=== Information ===

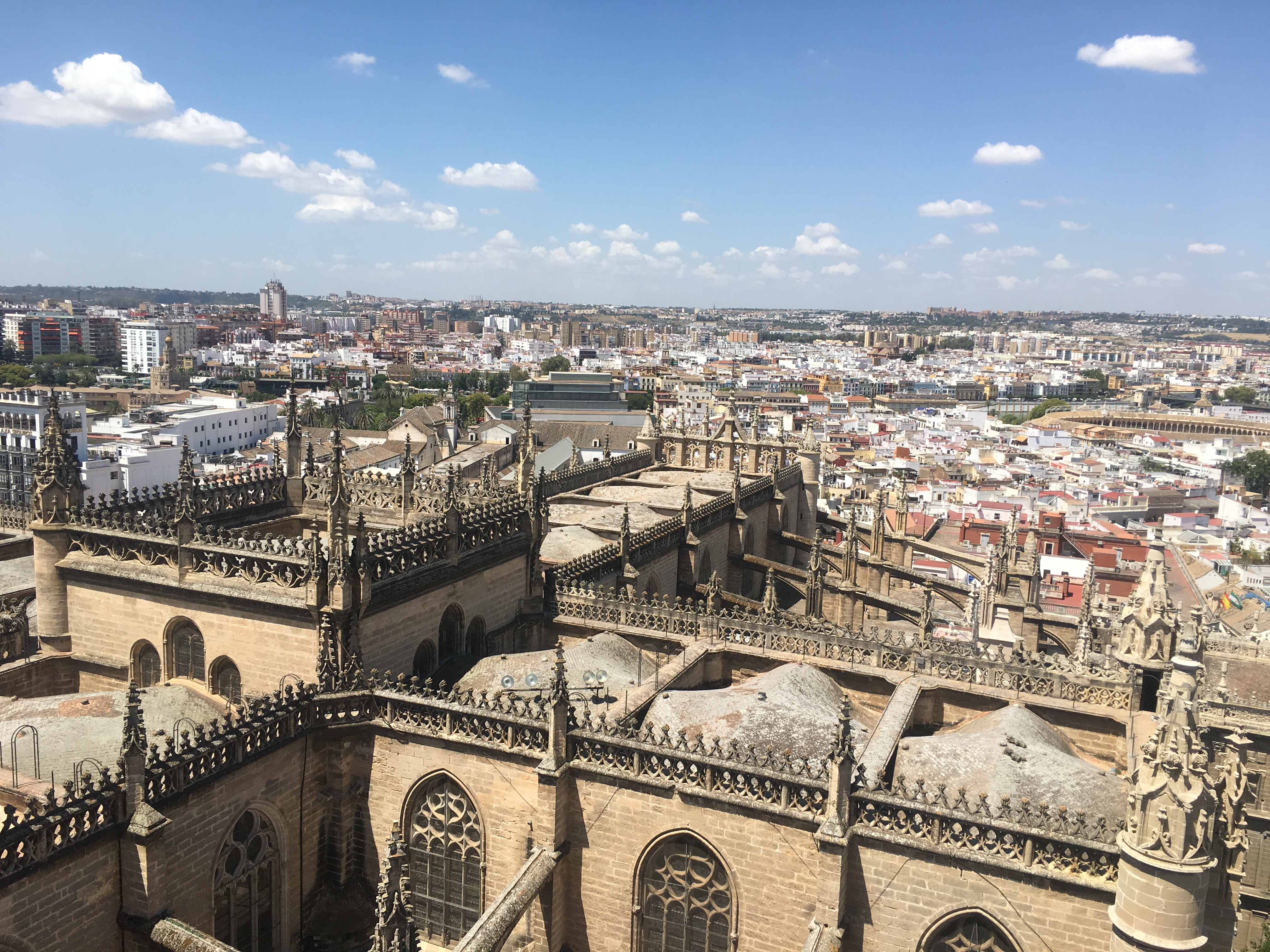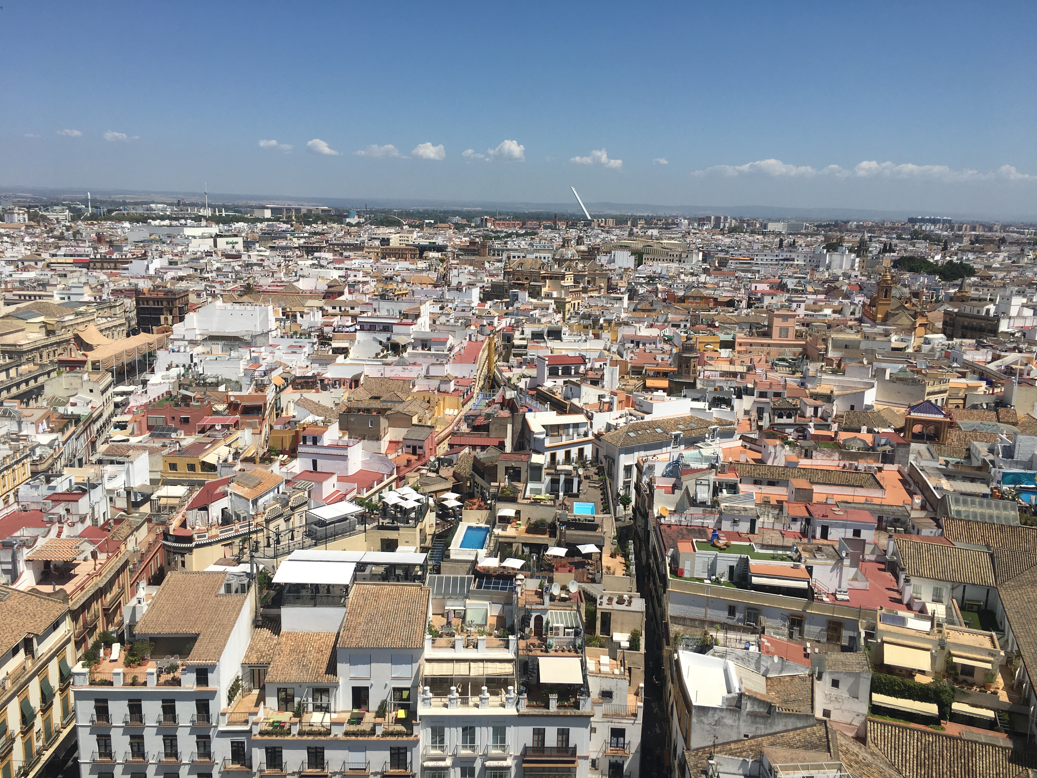 We took the elevator to the top, where we got a stunning view of the city once again, looking back at the Giralda and Cathedral.
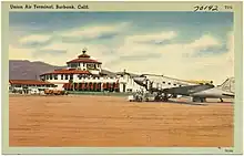 United Aircraft and Transport Corporation (UA&T) was a holding company created in 1928 that included Boeing Aircraft and United Air Lines, itself a holding company for a collection of small airlines that continued to operate under their own names. One of these airlines was Pacific Air Transport (PAT), which Boeing had acquired because of PAT's west coast mail contract in January 1928.[9] UA&T sought a site for a new airport for PAT and found one in Burbank. UA&T had the benefit of surveys that the Aeronautics Department of the Los Angeles Chamber of Commerce had conducted starting in 1926 to identify potential airport sites.[10]
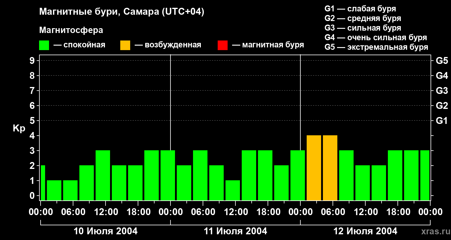 Изменения геомагнитного индекса Kp с 10 по 12 июля 2004 года для средних широт
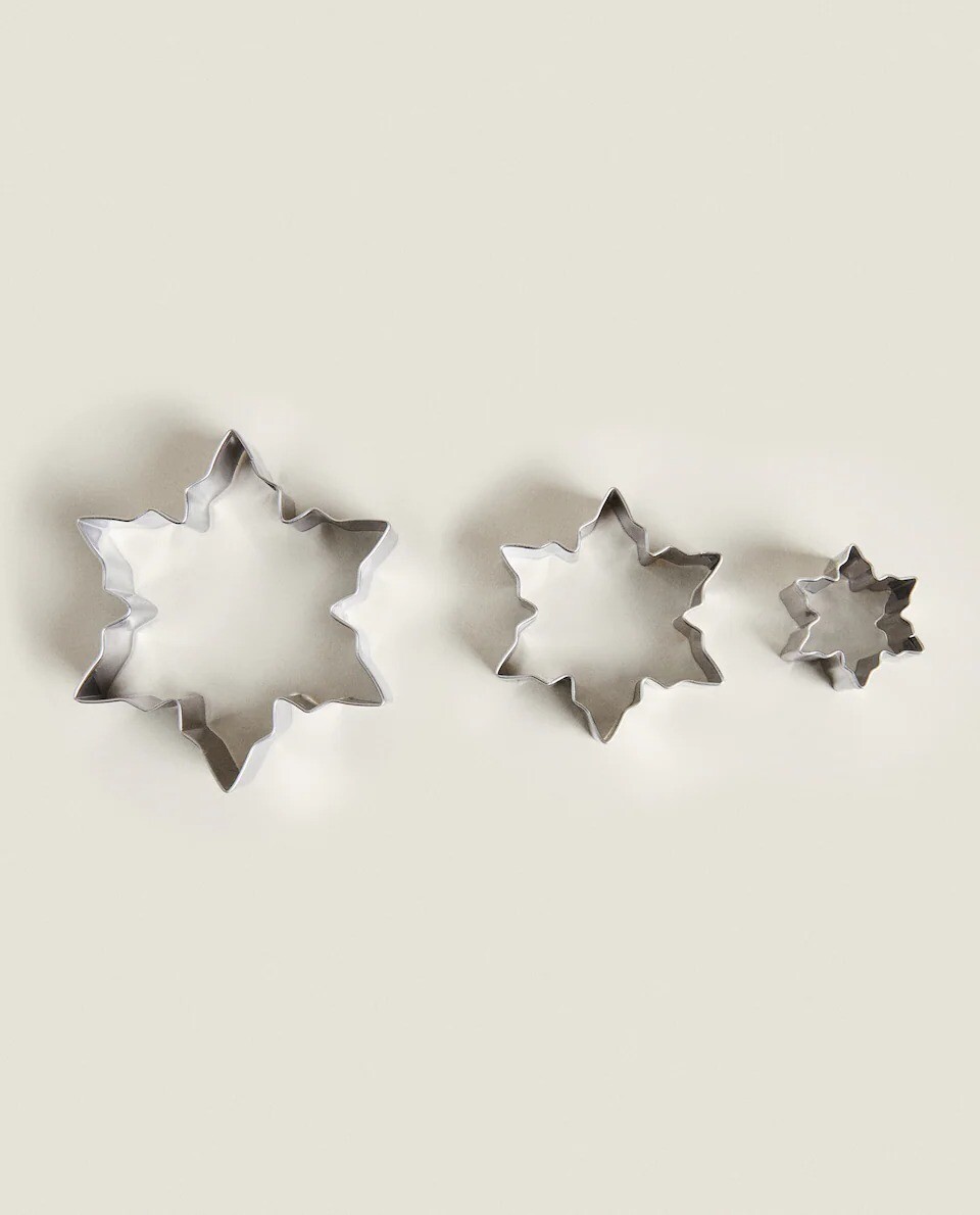 В набор входят: один кондитерский мешок, три формочки для печенья в форме листьев (каждая разного размера) и две круглые формочки с зубчатым краем (каждая разного размера)
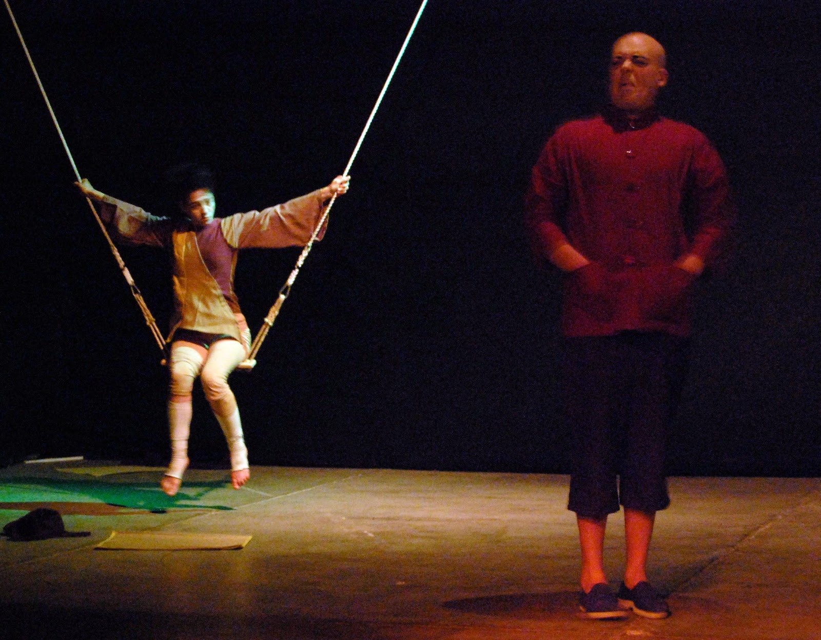 Utiliza elementos de teatro aéreo y un trabajo actoral limpio donde conjuga, texto, música, actuación, discurso en una hermosa creación de alto nivel.
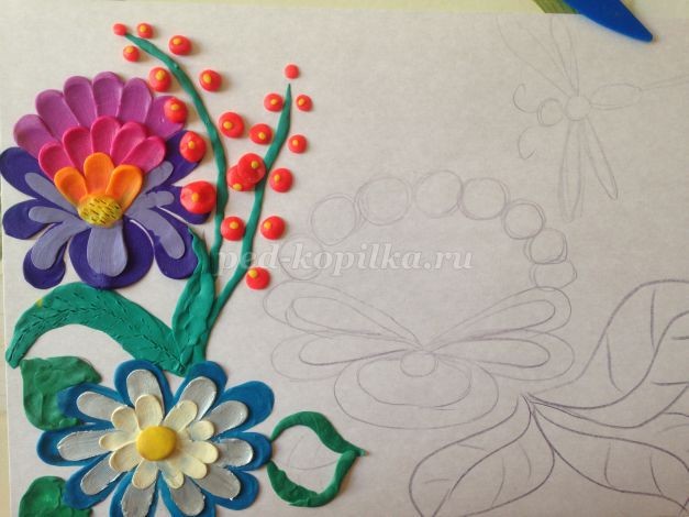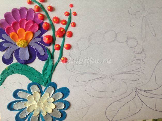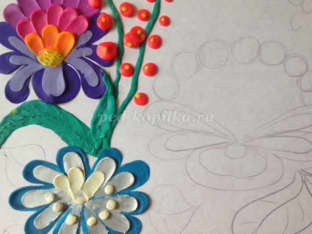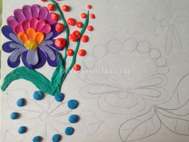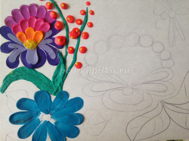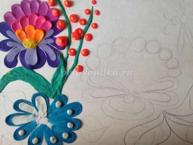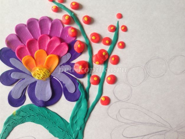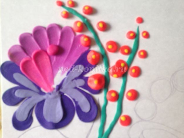 Выполняем аналогичным способом второй ряд лепестков розовым пластилином.
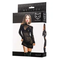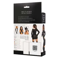 Materialul transparent cu ușoare pliseuri se potrivește perfect siluetei, iar strălucirea Wetlook-ului de dedesubt apare senzual prin plasă. Întregul set creează un efect de seducție în straturi – când dezvăluie, când ascunde, trezind simțurile și evidențiind fiecare mișcare.
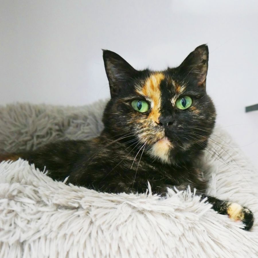 Mew is a beautiful lady both inside and outside. Once settled you will find she is affectionate, gives the best cuddles, loves her toys and of course as with most Torti’s she is determined.
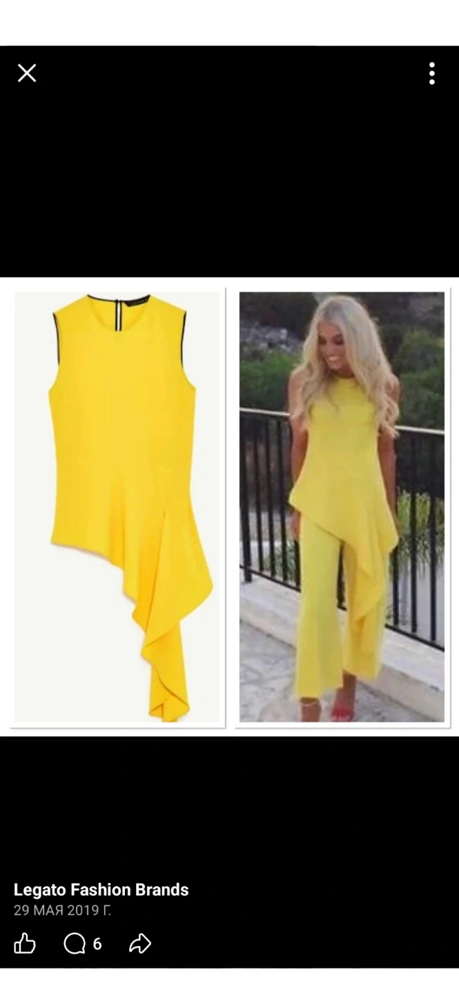 This is a ZARA WOMAN sleeveless yellow top. It features an asymmetrical hem with a dramatic ruffle detail. Made in Morocco. Great for dressing up or down!
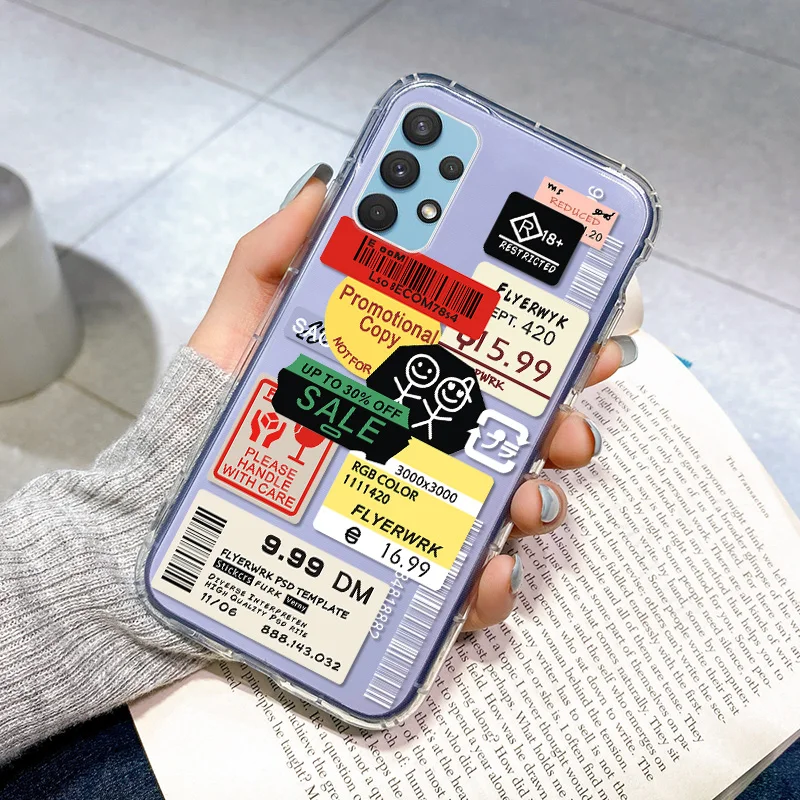 Mobile Phone Case 5Clear Art Lable Phone Case For Samsung A32(4G) Case Cover
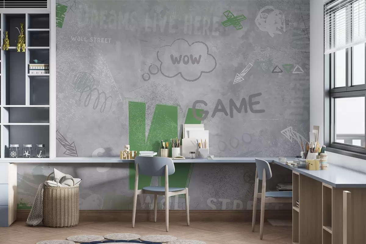Тапете за зид Дизајн уличне уметности са зеленим словима на позадини бетонског зида бр. w04056v2
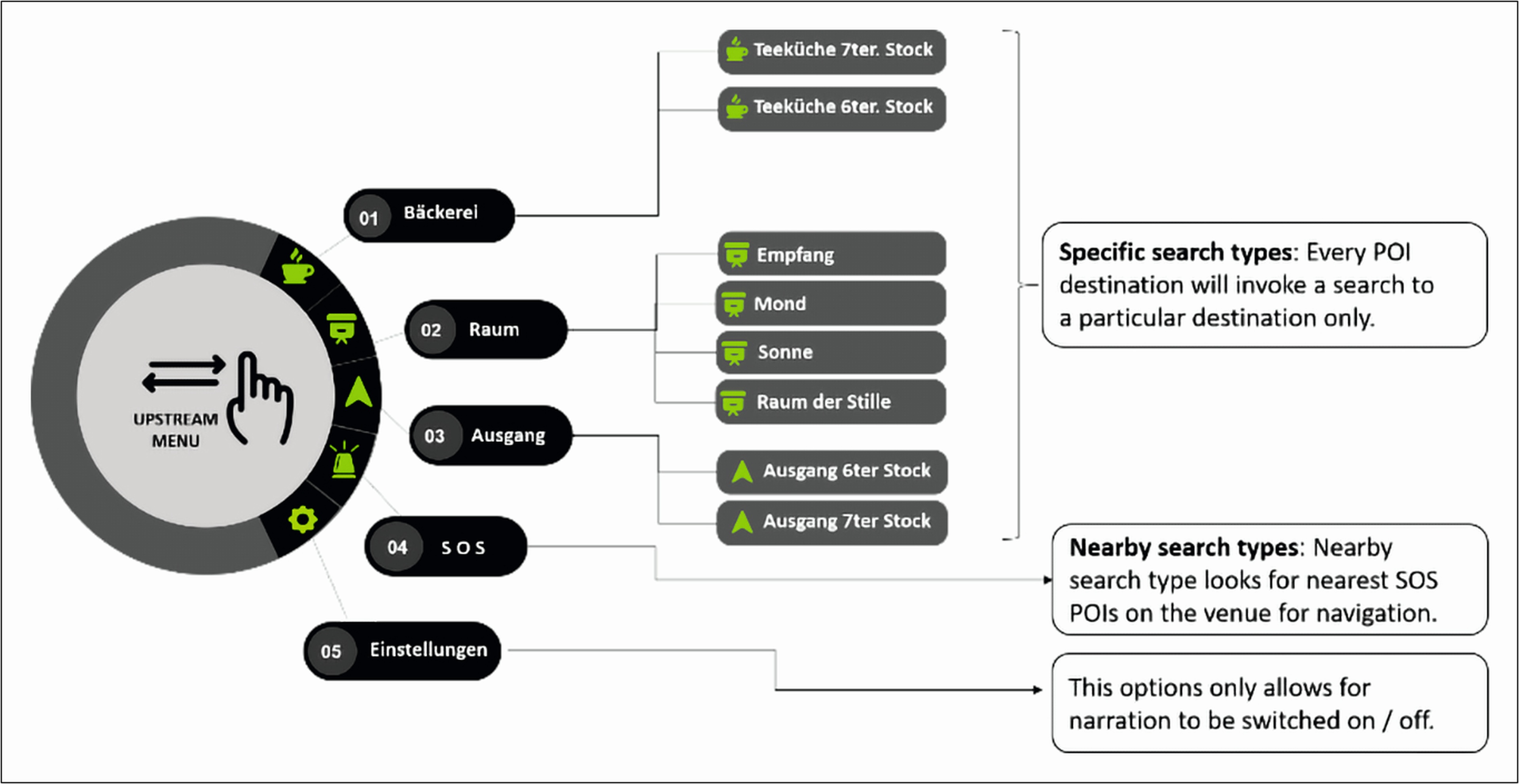 Aus früheren Projekten wissen wir, wie wichtig eine klare Menü-Struktur, welche den Nutzer sowohl akustisch (Sprachbefehle) als auch visuell (Ansicht in Smart Glass) durch die Anwendung leitet, für die Nutzer-Akzeptanz ist. Darum legten wir ein Hauptaugenmerk darauf. Unsere Menüstruktur zeigt Abbildung 2.

===

### Task goal
If an entry contains a picture, leave it out and repeat the rest exactly.

### Task solution
 We took the elevator to the top, where we got a stunning view of the city once again, looking back at the Giralda and Cathedral.
 United Aircraft and Transport Corporation (UA&T) was a holding company created in 1928 that included Boeing Aircraft and United Air Lines, itself a holding company for a collection of small airlines that continued to operate under their own names. One of these airlines was Pacific Air Transport (PAT), which Boeing had acquired because of PAT's west coast mail contract in January 1928.[9] UA&T sought a site for a new airport for PAT and found one in Burbank. UA&T had the benefit of surveys that the Aeronautics Department of the Los Angeles Chamber of Commerce had conducted starting in 1926 to identify potential airport sites.[10]
 Изменения геомагнитного индекса Kp с 10 по 12 июля 2004 года для средних широт
 В набор входят: один кондитерский мешок, три формочки для печенья в форме листьев (каждая разного размера) и две круглые формочки с зубчатым краем (каждая разного размера)
 Utiliza elementos de teatro aéreo y un trabajo actoral limpio donde conjuga, texto, música, actuación, discurso en una hermosa creación de alto nivel.
 Выполняем аналогичным способом второй ряд лепестков розовым пластилином.
 Materialul transparent cu ușoare pliseuri se potrivește perfect siluetei, iar strălucirea Wetlook-ului de dedesubt apare senzual prin plasă. Întregul set creează un efect de seducție în straturi – când dezvăluie, când ascunde, trezind simțurile și evidențiind fiecare mișcare.
 Mew is a beautiful lady both inside and outside. Once settled you will find she is affectionate, gives the best cuddles, loves her toys and of course as with most Torti’s she is determined.
 This is a ZARA WOMAN sleeveless yellow top. It features an asymmetrical hem with a dramatic ruffle detail. Made in Morocco. Great for dressing up or down!
 Mobile Phone Case 5Clear Art Lable Phone Case For Samsung A32(4G) Case Cover
Тапете за зид Дизајн уличне уметности са зеленим словима на позадини бетонског зида бр. w04056v2
 Aus früheren Projekten wissen wir, wie wichtig eine klare Menü-Struktur, welche den Nutzer sowohl akustisch (Sprachbefehle) als auch visuell (Ansicht in Smart Glass) durch die Anwendung leitet, für die Nutzer-Akzeptanz ist. Darum legten wir ein Hauptaugenmerk darauf. Unsere Menüstruktur zeigt Abbildung 2.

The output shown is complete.